D. Corrective Actions
 
We have reviewed your firm’s planned corrective actions, as documented in your April 29, 2015, July 1, 2015, and September 23, 2015 responses to the FDA 483, Inspectional Observations, issued at the close of the inspection and determined that, although several of your corrective actions appear adequate, others are deficient. For example, you commit to recertify the hoods after (b)(4). However, you do not note any interim measures in place prior to the (b)(4).
 
FDA strongly recommends that your management immediately undertake a comprehensive assessment of your operations, including facility design, procedures, personnel, processes, materials, and systems. In particular, this review should assess your aseptic processing operations. A third-party consultant with relevant sterile drug manufacturing expertise could be useful in conducting this comprehensive evaluation. 
 
In addition, in your response to the FDA 483 dated April 29, 2015, you committed to cease compounding of drug products for office stock and to only furnish compounded drug products upon receipt of a patient-specific prescription. You also stated that as a “traditional pharmacy,” Custom Compounding Center is not required to register with the FDA or comply with CGMP. However, should you continue to manufacture and distribute drug products without valid prescriptions for individually-identified patients, the manufacture of such drugs would be subject to FDA’s drug CGMP regulations, 21 CFR parts 210 and 211. Furthermore, please note that Section 501(a)(2)(A) of the FDCA concerning insanitary conditions applies regardless of whether the drugs are compounded and distributed after receipt of a prescription for an identified individual patient. You should correct all insanitary conditions at your firm.
 
In addition, you should also correct the violations of Sections 505(a) and 502(f)(1) of the FDCA, noted above.
 
E. Conclusion
 
The violations cited in this letter are not intended to be an all-inclusive statement of violations at your facility. You are responsible for investigating and determining the causes of the violations identified above and for preventing their recurrence or the occurrence of other violations. It is your responsibility to ensure that your firm complies with all requirements of federal law, including FDA regulations.
 
You should take prompt action to correct the violations cited in this letter. Failure to promptly correct these violations may result in legal action without further notice, including, without limitation, seizure and injunction. 
 
Within fifteen working days of receipt of this letter, please notify this office in writing of the specific steps that you have taken to correct violations. Please include an explanation of each step being taken to prevent the recurrence of violations, as well as copies of related documentation. If you do not believe that the products discussed above are in violation of the FDCA, include your reasoning and any supporting information for our consideration. If corrective action cannot be completed within 15 working days, state the reason for the delay and the time frame within which the correction will be completed. 
 
Your firm’s response to this letter should be sent to: Dallas District Office, ATTN: John W. Diehl, 4040 North Central Expressway, Suite 300, Dallas, Texas 75204. 
  
If you have any questions about the contents of this letter, please contact John W. Diehl, Compliance Officer, at 214-253-5288.
 
Sincerely,
/S/                                                           
Reynaldo R. Rodriguez, Jr.
Dallas District Director
 

[1] For example, Section 503A of the FDCA also addresses anticipatory compounding, which includes compounding (not distribution) before receipt of a valid prescription order for an individual patient. We are not addressing anticipatory compounding here.
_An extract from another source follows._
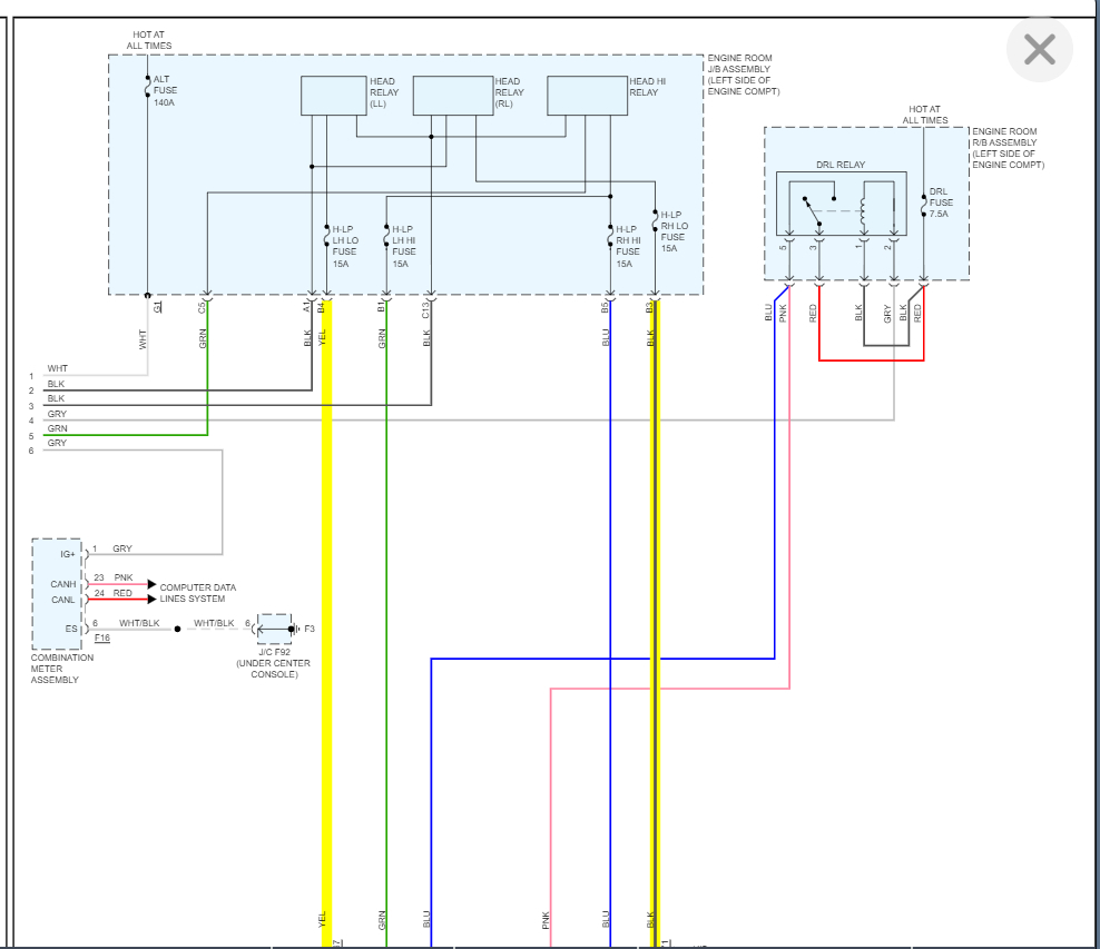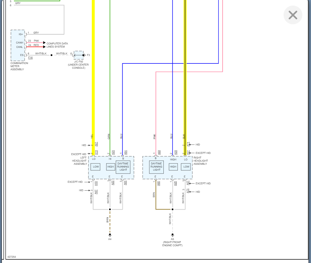 All other lights work. Not bad bulbs I already tried swapping. Checking fuses under the hood. All good except #49 which is for HID. Fuse not blown. Checked contacts without the fuse while engine on and headlight on, no power on #49. I cannot find a relay. Only relay is for DRL. Low beam on but not light up like before. Power to both ballasts okay.

[2] The specific products made by your firm are drugs within the meaning of Section 201(g) of the Act [21 U.S.C. § 321(g)], because they are intended for use in the diagnosis, cure, mitigation, treatment, or prevention of diseases and/or because they are intended to affect the structure or any function of the body. Further, they are “new drugs” within the meaning of Section 201(p) of the FDCA [21 U.S.C. § 321(p)] because they are not generally recognized as safe and effective for their labeled uses.